- Opening Delimiter -

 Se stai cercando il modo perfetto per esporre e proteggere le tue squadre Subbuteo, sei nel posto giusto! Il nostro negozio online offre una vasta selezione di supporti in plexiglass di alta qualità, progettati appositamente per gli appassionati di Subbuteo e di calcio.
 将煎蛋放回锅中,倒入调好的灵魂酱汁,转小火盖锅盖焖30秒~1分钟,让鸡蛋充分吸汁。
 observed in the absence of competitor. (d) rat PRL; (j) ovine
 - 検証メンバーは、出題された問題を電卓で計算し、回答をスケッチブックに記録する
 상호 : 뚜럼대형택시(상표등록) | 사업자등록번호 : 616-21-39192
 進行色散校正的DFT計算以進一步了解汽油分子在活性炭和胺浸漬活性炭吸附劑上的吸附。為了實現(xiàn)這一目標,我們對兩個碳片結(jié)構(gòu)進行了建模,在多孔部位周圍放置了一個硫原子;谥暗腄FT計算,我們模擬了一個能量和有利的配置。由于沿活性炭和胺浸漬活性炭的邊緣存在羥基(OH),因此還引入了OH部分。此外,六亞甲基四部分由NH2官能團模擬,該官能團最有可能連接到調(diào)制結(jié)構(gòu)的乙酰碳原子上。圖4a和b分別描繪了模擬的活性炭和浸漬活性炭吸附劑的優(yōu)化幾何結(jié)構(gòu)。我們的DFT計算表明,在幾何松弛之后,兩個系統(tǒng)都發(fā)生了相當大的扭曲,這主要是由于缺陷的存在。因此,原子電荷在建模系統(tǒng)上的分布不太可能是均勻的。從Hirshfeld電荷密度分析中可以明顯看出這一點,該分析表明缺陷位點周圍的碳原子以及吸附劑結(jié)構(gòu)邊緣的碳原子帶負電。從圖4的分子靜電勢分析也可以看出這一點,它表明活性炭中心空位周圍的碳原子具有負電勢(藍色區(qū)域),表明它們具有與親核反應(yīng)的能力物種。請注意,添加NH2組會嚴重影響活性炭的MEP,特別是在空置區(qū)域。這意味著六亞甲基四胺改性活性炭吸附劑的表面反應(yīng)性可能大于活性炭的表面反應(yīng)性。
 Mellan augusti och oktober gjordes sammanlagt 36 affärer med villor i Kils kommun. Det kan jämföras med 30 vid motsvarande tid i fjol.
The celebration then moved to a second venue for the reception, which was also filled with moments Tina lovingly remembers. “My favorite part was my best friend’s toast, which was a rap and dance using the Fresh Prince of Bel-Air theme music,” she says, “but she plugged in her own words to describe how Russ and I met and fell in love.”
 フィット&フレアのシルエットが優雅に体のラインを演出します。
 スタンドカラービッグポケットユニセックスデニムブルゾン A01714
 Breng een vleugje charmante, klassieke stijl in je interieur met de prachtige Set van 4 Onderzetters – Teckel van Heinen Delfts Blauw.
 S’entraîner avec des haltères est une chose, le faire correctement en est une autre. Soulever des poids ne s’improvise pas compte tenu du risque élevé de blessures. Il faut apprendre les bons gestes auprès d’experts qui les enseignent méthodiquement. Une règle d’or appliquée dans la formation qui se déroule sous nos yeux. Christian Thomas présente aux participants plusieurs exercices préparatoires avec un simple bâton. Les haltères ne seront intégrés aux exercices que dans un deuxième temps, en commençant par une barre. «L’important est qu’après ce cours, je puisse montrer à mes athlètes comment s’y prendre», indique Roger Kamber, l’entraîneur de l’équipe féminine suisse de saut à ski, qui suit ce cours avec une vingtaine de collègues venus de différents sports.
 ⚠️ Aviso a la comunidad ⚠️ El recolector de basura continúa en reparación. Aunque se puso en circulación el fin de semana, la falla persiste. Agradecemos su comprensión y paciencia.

- Closing Delimiter -

§ What is needed:
Send back the lines of the records word for word, from the very first through the line containing "進行色散校正的DFT計算以進".

§ Response:
 Se stai cercando il modo perfetto per esporre e proteggere le tue squadre Subbuteo, sei nel posto giusto! Il nostro negozio online offre una vasta selezione di supporti in plexiglass di alta qualità, progettati appositamente per gli appassionati di Subbuteo e di calcio.
 将煎蛋放回锅中,倒入调好的灵魂酱汁,转小火盖锅盖焖30秒~1分钟,让鸡蛋充分吸汁。
 observed in the absence of competitor. (d) rat PRL; (j) ovine
 - 検証メンバーは、出題された問題を電卓で計算し、回答をスケッチブックに記録する
 상호 : 뚜럼대형택시(상표등록) | 사업자등록번호 : 616-21-39192
 進行色散校正的DFT計算以進一步了解汽油分子在活性炭和胺浸漬活性炭吸附劑上的吸附。為了實現(xiàn)這一目標,我們對兩個碳片結(jié)構(gòu)進行了建模,在多孔部位周圍放置了一個硫原子;谥暗腄FT計算,我們模擬了一個能量和有利的配置。由于沿活性炭和胺浸漬活性炭的邊緣存在羥基(OH),因此還引入了OH部分。此外,六亞甲基四部分由NH2官能團模擬,該官能團最有可能連接到調(diào)制結(jié)構(gòu)的乙酰碳原子上。圖4a和b分別描繪了模擬的活性炭和浸漬活性炭吸附劑的優(yōu)化幾何結(jié)構(gòu)。我們的DFT計算表明,在幾何松弛之后,兩個系統(tǒng)都發(fā)生了相當大的扭曲,這主要是由于缺陷的存在。因此,原子電荷在建模系統(tǒng)上的分布不太可能是均勻的。從Hirshfeld電荷密度分析中可以明顯看出這一點,該分析表明缺陷位點周圍的碳原子以及吸附劑結(jié)構(gòu)邊緣的碳原子帶負電。從圖4的分子靜電勢分析也可以看出這一點,它表明活性炭中心空位周圍的碳原子具有負電勢(藍色區(qū)域),表明它們具有與親核反應(yīng)的能力物種。請注意,添加NH2組會嚴重影響活性炭的MEP,特別是在空置區(qū)域。這意味著六亞甲基四胺改性活性炭吸附劑的表面反應(yīng)性可能大于活性炭的表面反應(yīng)性。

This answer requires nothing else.